Work to complete: Please print the full listing below exactly, but not the pictures in it.

Information supplied:
▼▼▼

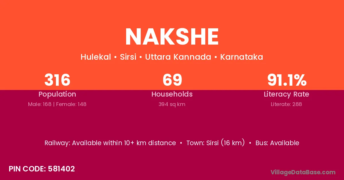 Sirsi (16 km) is the nearest town to Nakshe village for major economic activities and is located approximately 16 km away.
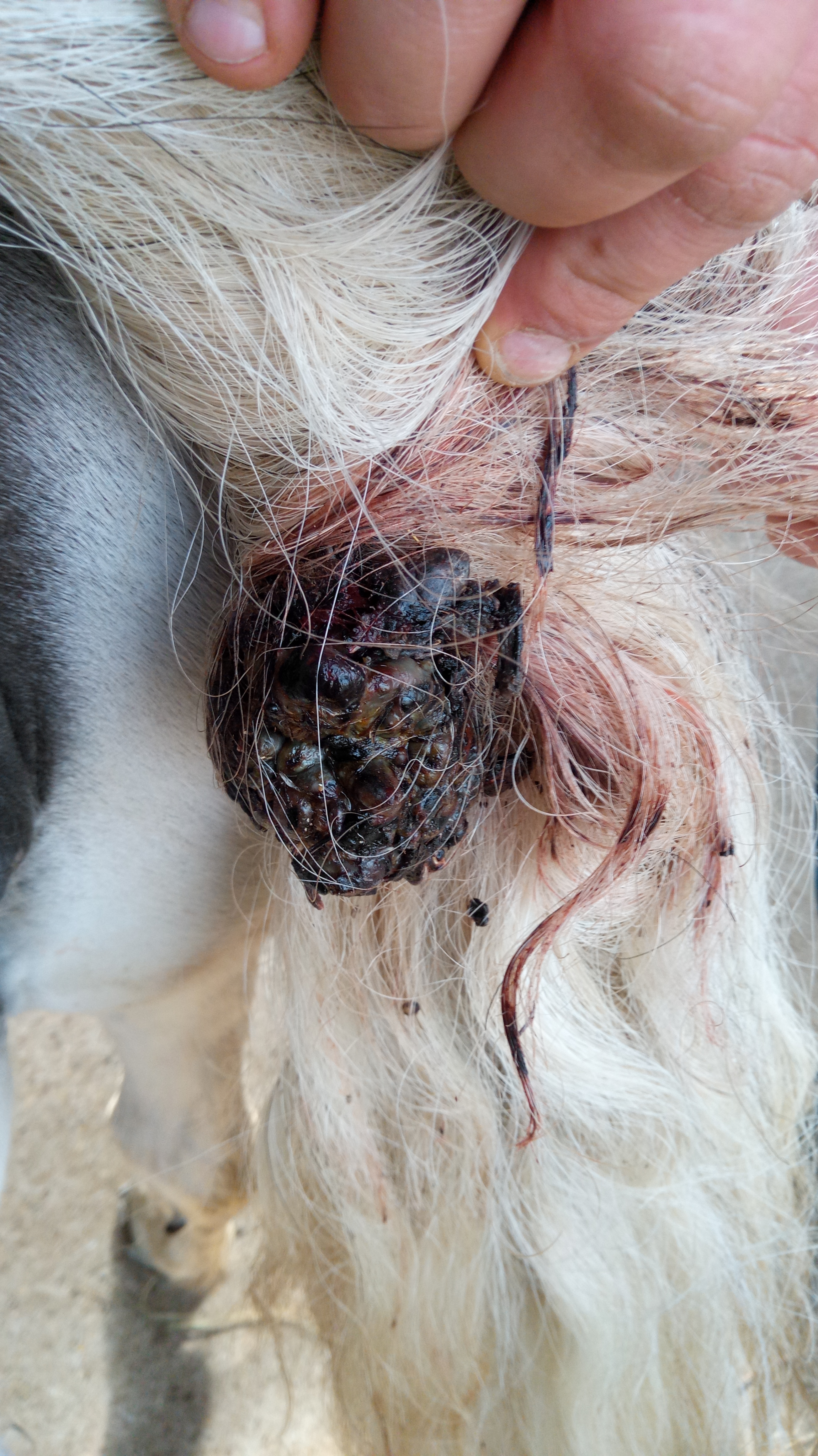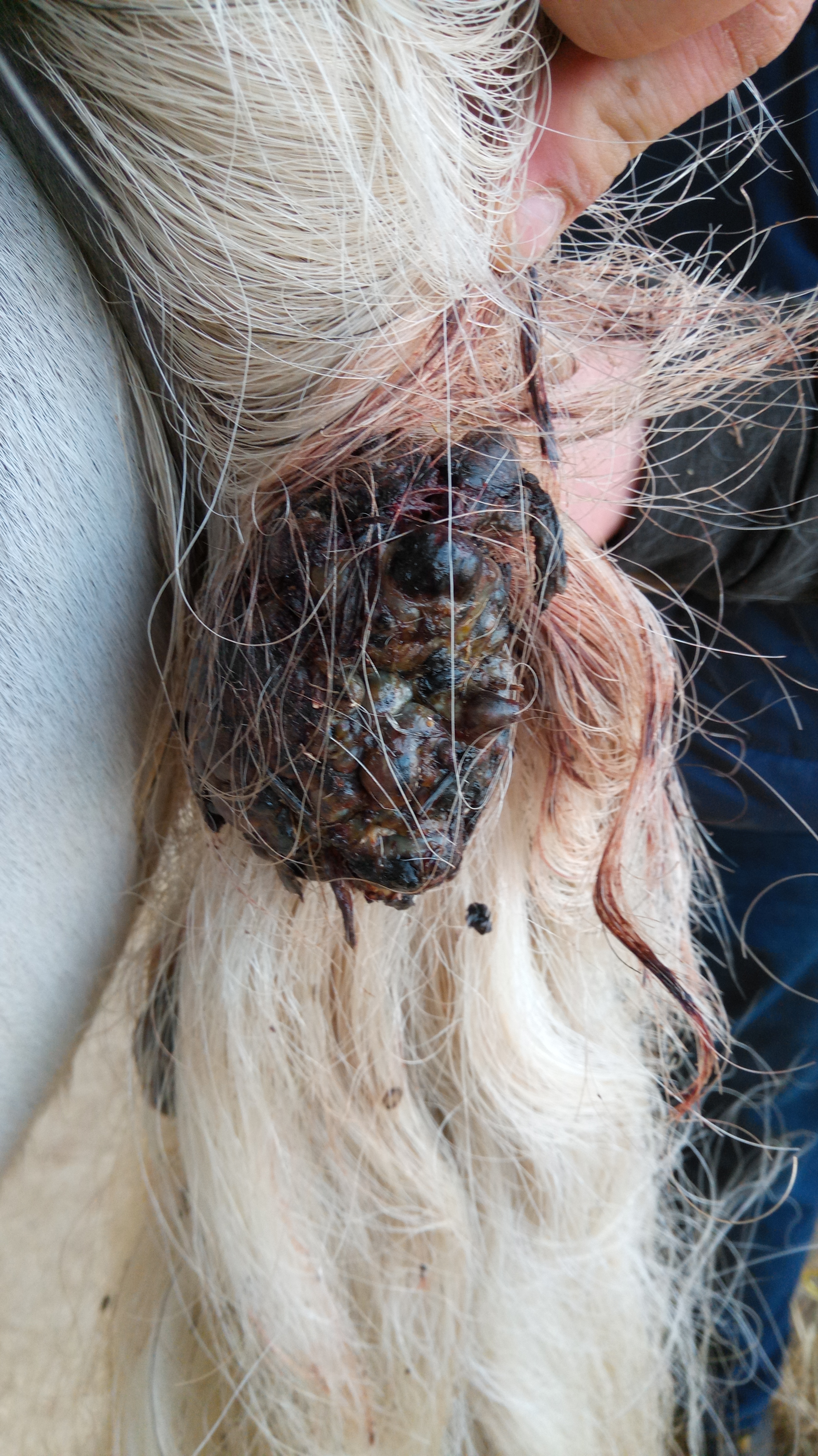 Die Aussage der TÄ ist: Vermutlich Melanom da Schimmel. Ich Frage mich jetzt ob man versuchen könnte es mit Salbe gegen ES zu schmieren. Viel Schlimmer kann es ja kaum noch werden. Vielleicht hat hier jemand Erfahrung mit Wucherungen die SO aussehen? Sie hat noch andere Stellen, die nach Melanomen aussehen am After, unten am Euter aber das sind diese glatten leicht befellten Knübbelchen, die ja auch nicht weiter stören.
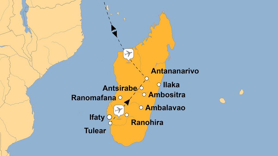 Aber auch touristisch ist Madagaskar von einzigartiger Vielfalt. Tropische Regenwälder wechseln sich mit Dornsavannen und fruchtbarem Hochland ab. Reisterrassen, Vanilleplantagen und Thermalquellen prägen die Landwirtschaft. Die französische Kolonialzeit hat idyllische Städte hinterlassen und paradiesische Strände und Tauchreviere locken Sonnenurlauber rund ums Jahr auf die Insel. Auf unserer Rundreise „nehmen wir alles mit“, was die Insel ausmacht – Fahrten mit dem Bus, Wanderungen in die Natur, Strandtage und Stadtbesichtigungen. Und wer weiß – vielleicht denken Sie nach zwei Wochen im Paradies ja tatsächlich übers Aussteigen nach?

▲▲▲

Task result:
 Sirsi (16 km) is the nearest town to Nakshe village for major economic activities and is located approximately 16 km away.
 Die Aussage der TÄ ist: Vermutlich Melanom da Schimmel. Ich Frage mich jetzt ob man versuchen könnte es mit Salbe gegen ES zu schmieren. Viel Schlimmer kann es ja kaum noch werden. Vielleicht hat hier jemand Erfahrung mit Wucherungen die SO aussehen? Sie hat noch andere Stellen, die nach Melanomen aussehen am After, unten am Euter aber das sind diese glatten leicht befellten Knübbelchen, die ja auch nicht weiter stören.
 Aber auch touristisch ist Madagaskar von einzigartiger Vielfalt. Tropische Regenwälder wechseln sich mit Dornsavannen und fruchtbarem Hochland ab. Reisterrassen, Vanilleplantagen und Thermalquellen prägen die Landwirtschaft. Die französische Kolonialzeit hat idyllische Städte hinterlassen und paradiesische Strände und Tauchreviere locken Sonnenurlauber rund ums Jahr auf die Insel. Auf unserer Rundreise „nehmen wir alles mit“, was die Insel ausmacht – Fahrten mit dem Bus, Wanderungen in die Natur, Strandtage und Stadtbesichtigungen. Und wer weiß – vielleicht denken Sie nach zwei Wochen im Paradies ja tatsächlich übers Aussteigen nach?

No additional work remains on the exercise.